Trading-Journal auf Deutsch: Was es gibt und worauf du achten solltest

Ehrlicher Überblick statt Marketing-Übersetzung.

Quick Answer: Die meisten bekannten Trading-Journale sind US-amerikanisch und primär auf Englisch, oft mit angeflanschter Übersetzung. Wichtiger als die Sprache der Oberfläche ist, wie ein Tool Trades erfasst: direkt am Chart mit Screenshot, ohne Broker-Anbindung, mit sauberem Export. ReziFX setzt genau dort an — TradingView-nativ, ohne Konto-Verknüpfung, mit deutschsprachigem Blog-Bereich.

Warum die Suche nach einem deutschen Trading-Journal oft ins Leere läuft

Wenn du "Trading Journal Deutsch" suchst, landest du meist bei zwei Dingen: übersetzten Landingpages internationaler Anbieter, deren App-Oberfläche trotzdem komplett auf Englisch bleibt, und Foren-Threads, in denen jeder ein Excel-Sheet empfiehlt, das er selbst gebaut hat. Beides hilft dir wenig, wenn du gerade nach einem Werkzeug suchst, das du täglich benutzt.

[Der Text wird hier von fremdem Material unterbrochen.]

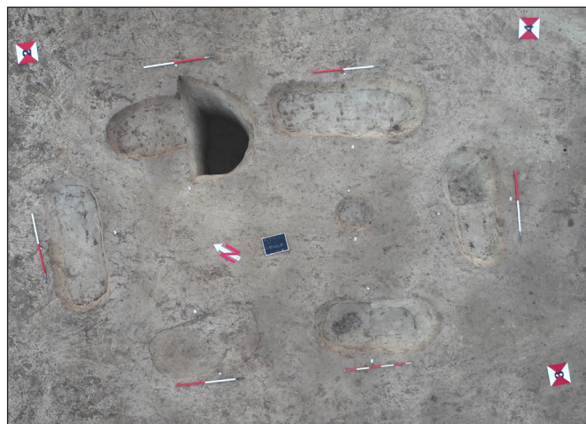
7. kép. A délnyugati szakrális tér

Das liegt daran, dass der Markt für Trading-Journale historisch aus den USA kommt. TraderSync, TradeZella oder Edgewonk sind solide, etablierte Tools — aber ihre Kernsprache ist Englisch, und ihr Ansatz basiert meist darauf, dass du dein Broker-Konto verbindest und ausgeführte Orders aus der Broker-Historie übernimmst. Das funktioniert gut, wenn dein Broker eine saubere Historie liefert. Es funktioniert schlecht, wenn du auf TradingView planst und bei einem anderen Broker oder einer Börse ausführst — dann fehlt der Bezug zwischen deinem geplanten Setup und dem, was am Ende in der Historie steht.

Worauf es bei einem Trading-Journal wirklich ankommt — unabhängig von der Sprache

Die Sprache der Benutzeroberfläche ist am Ende zweitrangig. Entscheidend sind vier Dinge:

  • Erfassung am Chart, nicht in einem separaten Formular. Wenn du nach jedem Trade in ein neues Fenster wechseln musst, um Entry, Stop und Ziel abzutippen, wird das Journal irgendwann übersprungen — meistens genau an den Tagen, an denen es am meisten Erkenntnis liefern würde.
  • Ein Chart-Screenshot pro Trade. Zahlen ohne Bild sagen dir drei Monate später nicht mehr, wie das Setup wirklich aussah. Mit Screenshot siehst du sofort, ob dein Entry sauber am Level war oder ob du gejagt hast.
  • Export ohne Bindung an das Tool. Deine Daten sollten als CSV oder in einem Sheet exportierbar sein, das dir gehört — nicht nur in einem proprietären Dashboard eingeschlossen.
  • Keine Notwendigkeit, den Broker anzubinden. Erfasst werden sollte der Trade, wenn er geplant ist — nicht erst, wenn er als Order irgendwo auftaucht. Das ist der Unterschied zwischen einem Journal, das deinen Plan dokumentiert, und einem, das nur die Buchhaltung nachträgt.

Wenn ein Tool diese vier Punkte auf Deutsch oder auf Englisch erfüllt, ist es brauchbar. Wenn es nur die Sprache ändert, aber die Erfassung weiterhin manuell bleibt, hast du am Ende nichts gewonnen außer übersetzten Buttons.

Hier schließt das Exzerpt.